Jam 2 pagi.
Pernah nggak sih Anda kebangun tengah malem, keringet dingin, terus reflek ngambil hp cuma buat nge-cek posisi kapal?
“Refresh. Refresh lagi. Kok statusnya masih on board ya? Padahal harusnya udah sandar kemarin sore.”
Hening.
Nggak ada update dari forwarder. Di-chat centang satu. Di telepon masuk voicemail.
Rasanya tuh… gimana ya… kayak nungguin pacar yang ngilang tanpa kabar pas lagi sayang-sayangnya. Cemas, kesel, campur aduk jadi satu. Bedanya, kalau pacar ngilang paling cuma patah hati. Kalau kontainer ngilang? Patah arang bisnisnya, Bos. Rugi miliaran.
Saya ngerti banget perasaan itu.
Dulu, sebelum saya gabung dan pegang kendali di HSH Cargo, saya pernah ada di posisi Anda. Jadi user. Dan sumpah, hal yang paling bikin saya darah tinggi itu bukan harga yang mahal, tapi KETIDAKPASTIAN.

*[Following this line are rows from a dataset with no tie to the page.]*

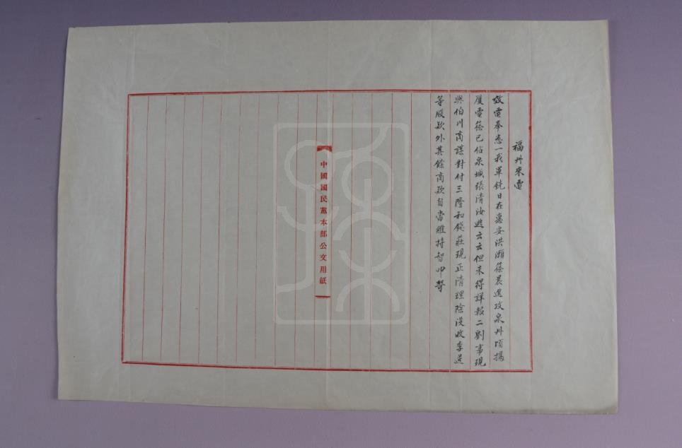 该件文物为宋庆龄保存的1922年12月20日许崇智致孙中山电。
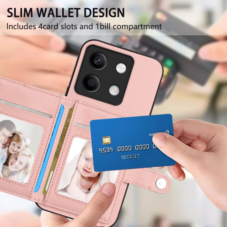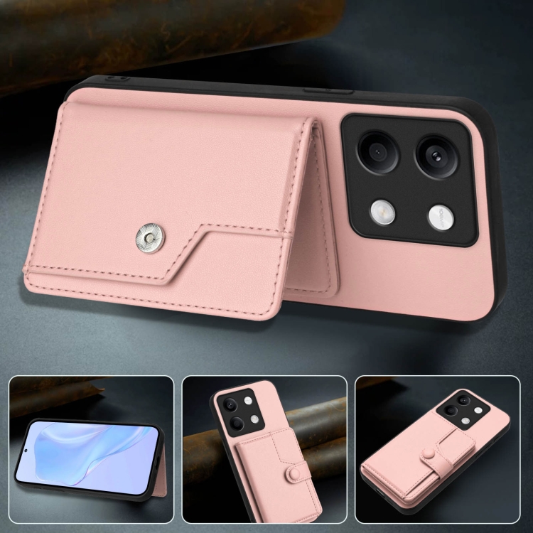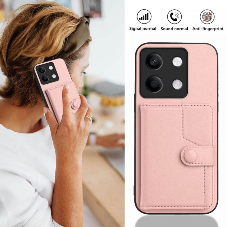 Funda para Teléfono Antirrobo con Botón y Tarjeta Rfid para Redmi Note 13 5G (Rosa)
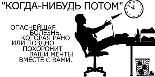 Человек находит массу причин не делать очень важную работу, откладывая оврал на последний момент, в подсознательном желании избежать стресса. Оказывается таким «заболеванием» болеют все люди в большей или меньшей степени. Разница лишь в том, что кто-то умеет преодолеть собственное сопротивление и все-таки сделать, что должно в обозначенные сроки, а кто-то теряет репутацию.
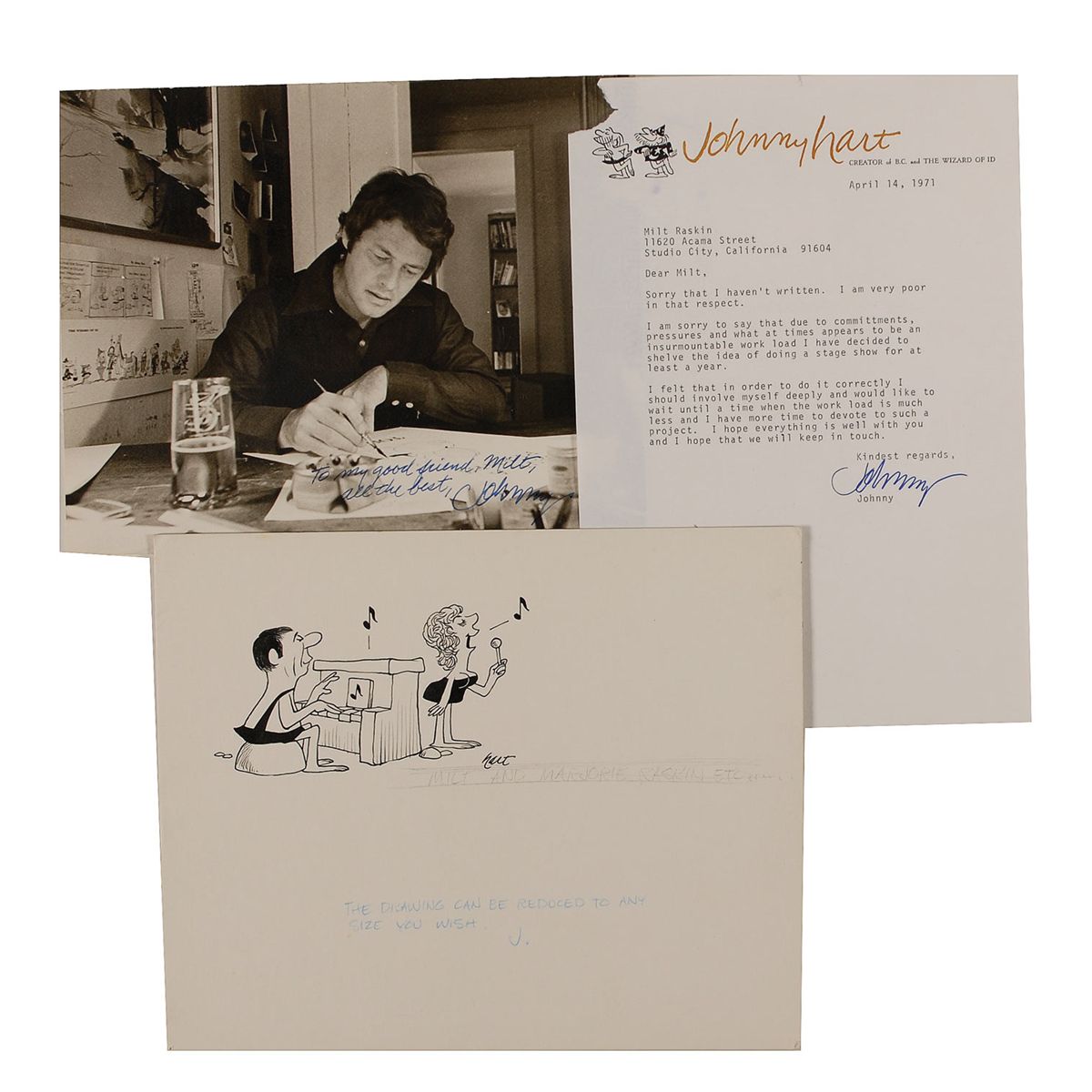 Four items: an original ink sketch of two cave people performing a musical number, on an off-white 10.25 x 8.5 card, signed under the image, “Hart,” with Hart adding a brief handwritten note at the bottom, signed “J.” Accompanied by its original mailing envelope, addressed by Hart and signed in the return address area; a matte-finish 9.25 x 7.5 photo of Hart working on a sketch, signed and inscribed in blue ink; and a one page TLS, signed “Johnny,” 7.25 x 10.5, accompanied by the original mailing envelope. In fine overall condition.

Makanya, pas saya duduk di kursi manajemen HSH, satu hal pertama yang saya rombak total adalah cara kita ngomong sama klien. Sistem komunikasinya.
Ini bukan soal punya aplikasi tracking yang warnanya gonjreng atau fitur canggih doang lho ya. Ini soal mindset. Soal empati.
Yuk, saya ajak ngintip dikit gimana sih dapur komunikasi kita bekerja biar Anda nggak perlu lagi stok obat sakit kepala tiap kali impor barang.
Filosofi “Jangan Tunggu Ditanya”
Ini aturan emas di tim saya. Haram hukumnya nunggu klien nanya “Posisi di mana?”.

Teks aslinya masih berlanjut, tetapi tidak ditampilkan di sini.